Here is what I was thinking about getting:

CPU: Intel Core i5-2500K Sandy Bridge 3.3GHz (3.7GHz Tu...

Motherboard: BIOSTAR TZ68A+ LGA 1155 Intel Z68 HDMI SATA 6Gb/s ...

Also get this so I can use my xigmatek dark knight: XIGMATEK ACK-I5363 Intel Core i7/Core i5 1155 comp...

So what do you guys think? Should I fork out a little more get a motherboard that supports 8x/8x crossfire instead of 16x/4x and get a second 6870 and a beefier psu down the road?


----------



## bostonbuddy (Aug 19, 2011)

down the road it will prob be a better idea to get a 7xxx or 6xx series card then another 6870


----------



## BrooksyX (Aug 19, 2011)

bostonbuddy said:


> down the road it will prob be a better idea to get a 7xxx or 6xx series card then another 6870



Why is that?

Also would I just be bettor off not spending the money and just buying the 1035t and my motherboard when it comes back?


----------



## bostonbuddy (Aug 19, 2011)

you'll be single card and most likely a lot more powerful then cf 6870's


----------



## Widjaja (Aug 19, 2011)

^^ This is based on personal preference.

Back in the day CF was not supported very well.
But nowadays it is much better.

I personally prefer a single GPU over multiple GPU as well for less potential hassle, less noise and less heat.

In your case, I would go for a Bulldozer compatible motherboard so if Bulldozer is all it's cracked up to be then you can upgrade.


----------



## BrooksyX (Aug 20, 2011)

anyone else have any thoughts


----------



## happita (Aug 20, 2011)

I think that combo is fantastic. Plus later on down the road if time and firmware updates allow, you can drop an Ivy Bridge CPU if the Biostar can support it. But more than anything, I'd wait it out just a little more until BD comes out for some price drops. It won't be too much longer till it happens. Have your money for safekeeping until the time is necessary to get a new setup. Thats my 2 cents.


----------



## blkhogan (Aug 20, 2011)

Do it bro. Have fun with the extra bones coming your way. You work to make it... you make it to spend it. Right? DO IT!


----------



## Lazzer408 (Aug 20, 2011)

Why not a 2600k? HT+More Cache.

My 2600k@4.8+6870 get about 31,300 in 3d06. Oh, I won't run a crossfire or SLI rig again EVER. Way to many problems and by the time drivers and patches come out to make it work right I could have bought a faster single card. I've had CF 1950s, 3870s, 4870s, 5870s. I'm done with it. Just too expencive for small gains in -some- games. Completely ruins others. I found myself turning it off all the time.

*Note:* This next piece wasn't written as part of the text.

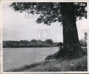 1949 Press Photo Luna Lake, man out fishing from the shore
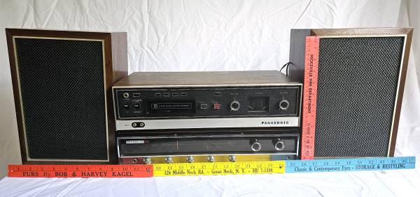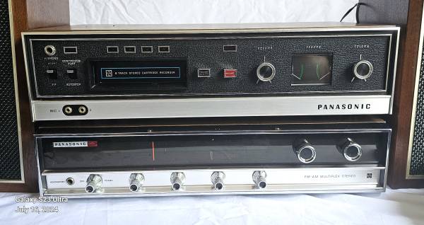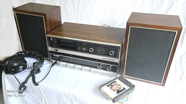 This vintage Panasonic audio system is a must-have for any collector or lover of vintage electronic equipment and it's sound, with this complete audio equipment purchase you can enjoy the music right away as soon you set it up and connected to the power. no worry's about buy something else to make it work and hear you music. The brand is Panasonic and the model is RS803US 8 TRACK & RE7670D RADIO RECEIVER, manufactured in Japan. The system is in working order. come with 2 unbranded speakers than have a good sound, (1) antenna to get a better reception of the radio stations, (1) Stereo headphones JET SOUND Mod. DH-200 made in Korea and (3) 8 track tapes still with good vintage sound. This Panasonic audio system is a rare find in a very good size for small spaces and for anyone who loves vintage audio.

I hate that Intel crippled the 2000 series with less cache then the gen Q before. Damn marketing teams.


----------



## BrooksyX (Aug 20, 2011)

What about this motherboard and an i5 2400 instead? I feel like that would be a nice combo for my 6870. Should still be able to reach 4.0ghz with ease

MSI PH67S-C43 (B3) LGA 1155 Intel H67 SATA 6Gb/s A...



Lazzer408 said:


> Why not a 2600k? HT+More Cache.
> 
> My 2600k@4.8+6870 get about 31,300 in 3d06. Oh, I won't run a crossfire or SLI rig again EVER. Way to many problems and by the time drivers and patches come out to make it work right I could have bought a faster single card. I've had CF 1950s, 3870s, 4870s, 5870s. I'm done with it. Just too expencive for small gains in -some- games. Completely ruins others. I found myself turning it off all the time.
> 
> I hate that Intel crippled the 2000 series with less cache then the gen Q before. Damn marketing teams.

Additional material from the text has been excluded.